View Mohammad Darawshe's lecture at the Helen Diller Institute here.
The tragic events of October 7, 2023, created a new challenge to Jewish-Arab relations inside Israel. This is not the first time that the cross-border, cross-greenline Israeli-Palestinian conflict has shaken the sensitive relationship between Jewish and Arab citizens of Israel. But as the war drags on, we are witnessing a growing rate of mutual fear and mistrust between these communities.
In the 1990s, the Oslo negotiations offered a path for peace in the shape of a two-state solution to the Israeli-Palestinian conflict but did not address the Palestinian citizens of Israel, who today number about 1.7 million people. That has left them with two options: moving to a future Palestinian state or staying in Israel as an eternal minority.
Given how inhospitable the Middle East has been to Palestinians since 1948, the prospect of becoming refugees, even in a future Palestinian state, is not an appealing option to Israel’s Arab citizens. Indeed, more than 93% of them have said they would stay in their homes, in their towns, in their homeland — in the State of Israel.

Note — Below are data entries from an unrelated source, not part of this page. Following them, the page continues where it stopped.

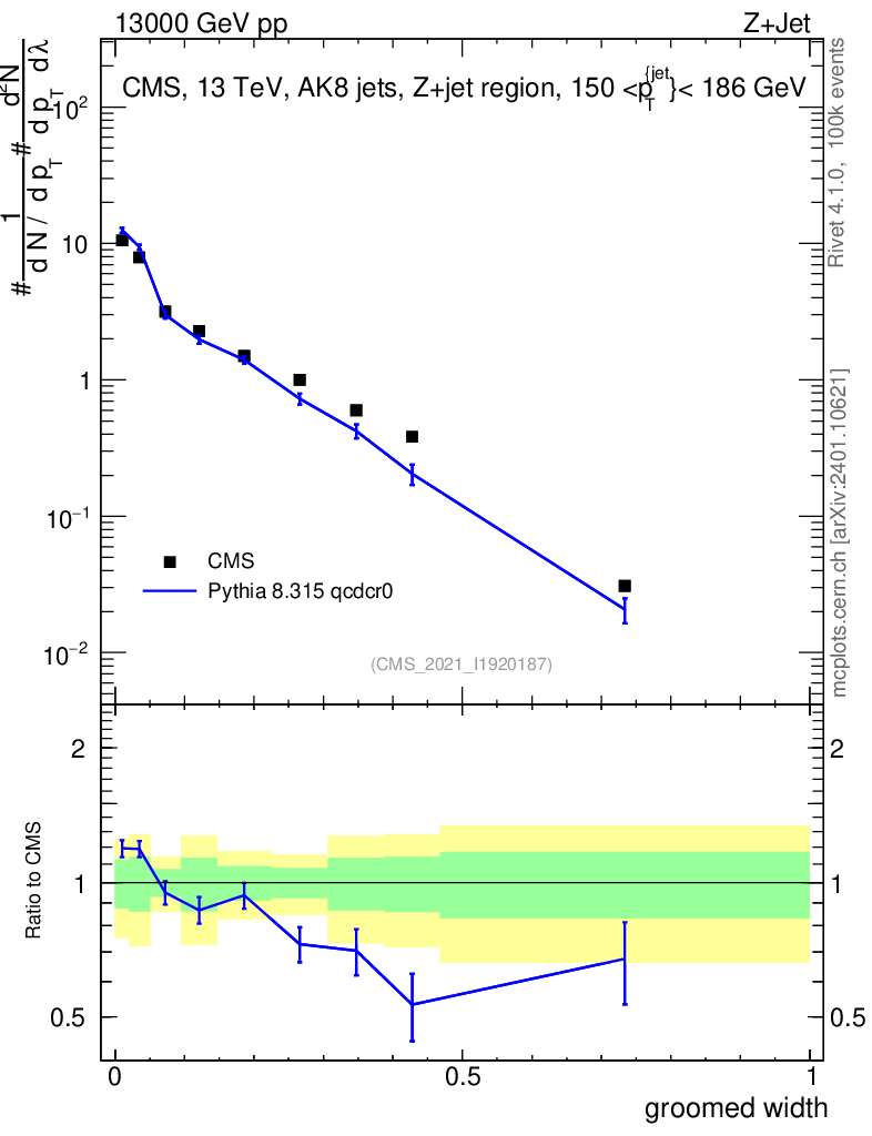 Lines: data, pythia8 8.315 qcdcr0 |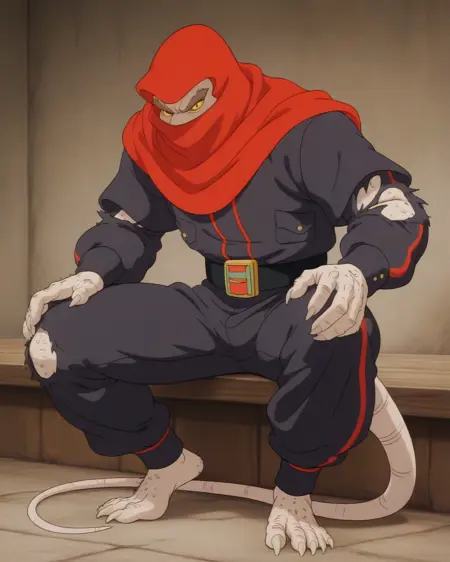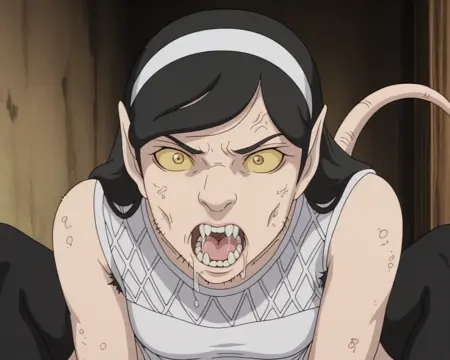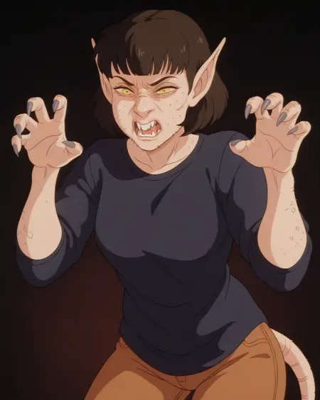 _ratrot, stalking hunched over, rr_nose, rr_teeth, rr_pointed_ears, rat tail, bad skin, hairy, warty, legs apart, knees bent, (no humans), transformation, mind controlled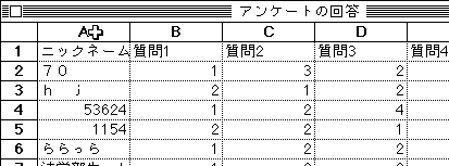 「編集」メニューから「右方向コピー」を選択して、その内容が、「質問3」になるようにする。すると、次のような表ができる。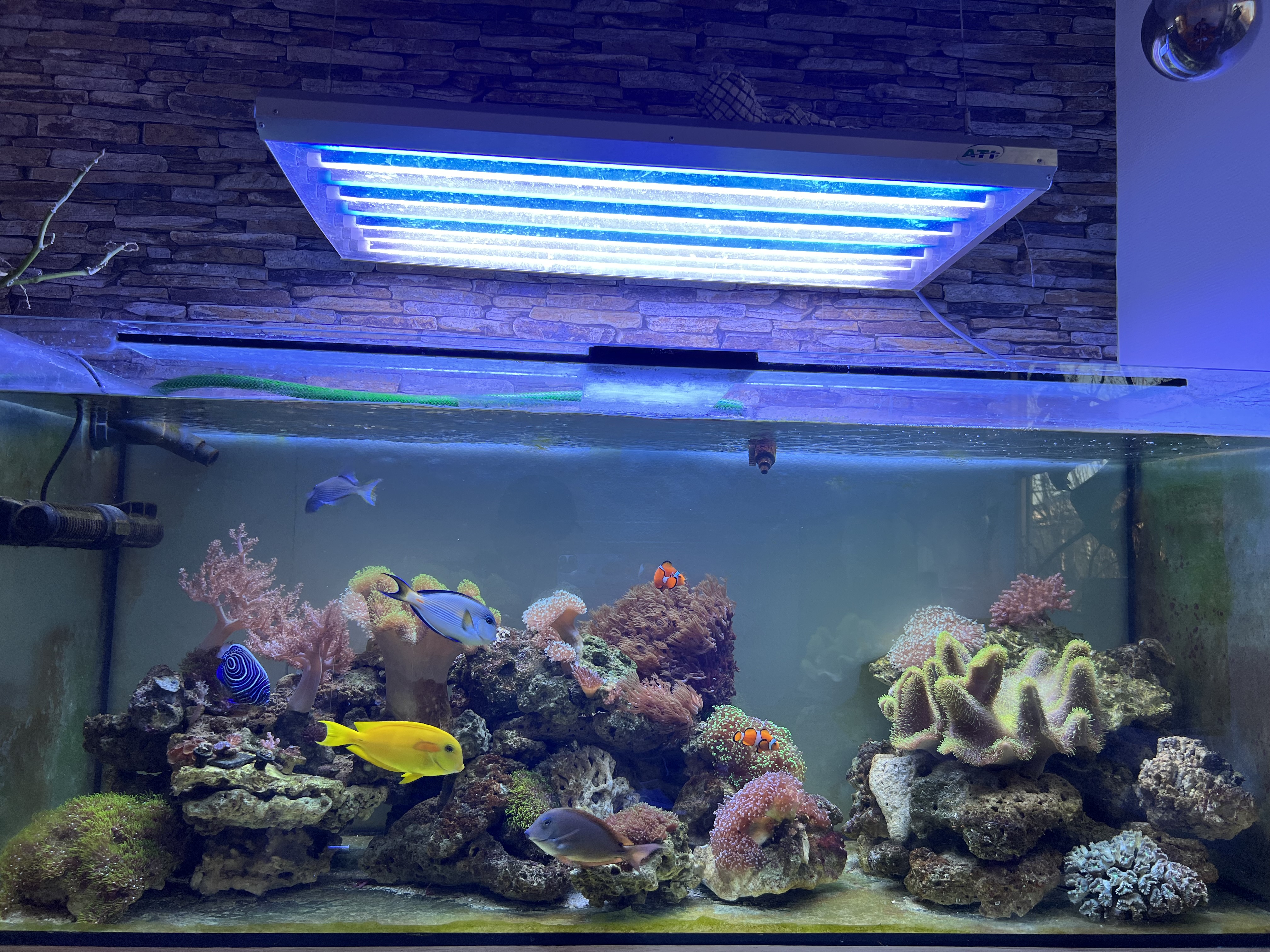 Det eneste jeg ville ændre på akvariet er en længere lampe. Det ser lidt tåbeligt ud med en 8x39 watt lampe over.

This leaves integration into Israeli society as their only realistic option. Making this work hasn’t been easy, largely because Israel defines itself as the state of the Jewish people and refuses to see its Arab citizens as full equals. This negates the promise of Israel’s Declaration of Independence, which appealed to the “Arab inhabitants of the State of Israel to preserve peace and participate in the upbuilding of the State on the basis of full and equal citizenship and due representation in all its provisional and permanent institutions.”
The declaration also promised that Israel “will ensure complete equality of social and political rights to all its inhabitants irrespective of religion, race or sex; it will guarantee freedom of religion, conscience, language, education and culture.”
Many laws have been enacted in recent decades with the cumulative effect of reducing the promise of equality: the citizenship law, the Nakba law, the acceptance committees law, land laws, municipal jurisdiction laws and budgeting laws. These culminated in a 2018 law declaring that Israel is the “nation-state of the Jewish people” — in other words, that Arab citizens are not equals. The law also downgraded Arabic from an official national language to one with only “special status.” Among Arabs in Israel, this has been perceived as a deep insult and sends a signal to the wider Arab world that, in Israel, Arab culture is inferior.
Even as the promise of political equality shrinks, islands of success in Jewish-Arab relations have emerged, pointing the way forward. The most visible among them is in the health care industry, where fully a third of Israel’s medical professionals are Arab citizens. Academia is another island of success: The percentage of Arab students in Israeli universities is now equivalent to their numbers in society. Recognizing the centrality of education in social mobility, Israel’s Arab citizens have taken their career paths into their own hands.
Their success has been enhanced by the board of higher education and the universities choosing to reduce obstacles and by socially conscious Israeli employers who see the value in diversity and inclusion. University entrance exams are now offered in Arabic, for example, and Arab students can defer exams scheduled while they are fasting for Ramadan. Certain government ministries have also played a positive role, establishing more high schools in Arab villages.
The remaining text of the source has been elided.